*** Opening GIVEN DATA ***

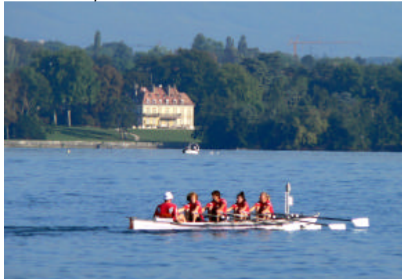
Excenvex Skiff
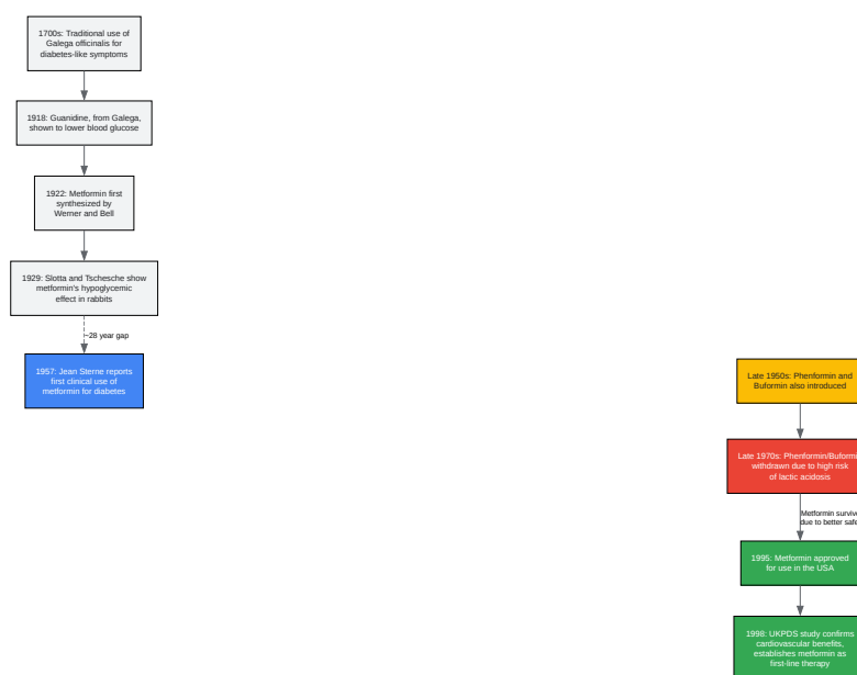
Diagram 1: Historical Development of Biguanides

Click to download full resolution via product page

*** Closing GIVEN DATA ***

## EXERCISE GOAL
An unchanged copy of the listing, with no pictures, should be returned.

## FINISHED TASK
Excenvex Skiff
Diagram 1: Historical Development of Biguanides

Click to download full resolution via product page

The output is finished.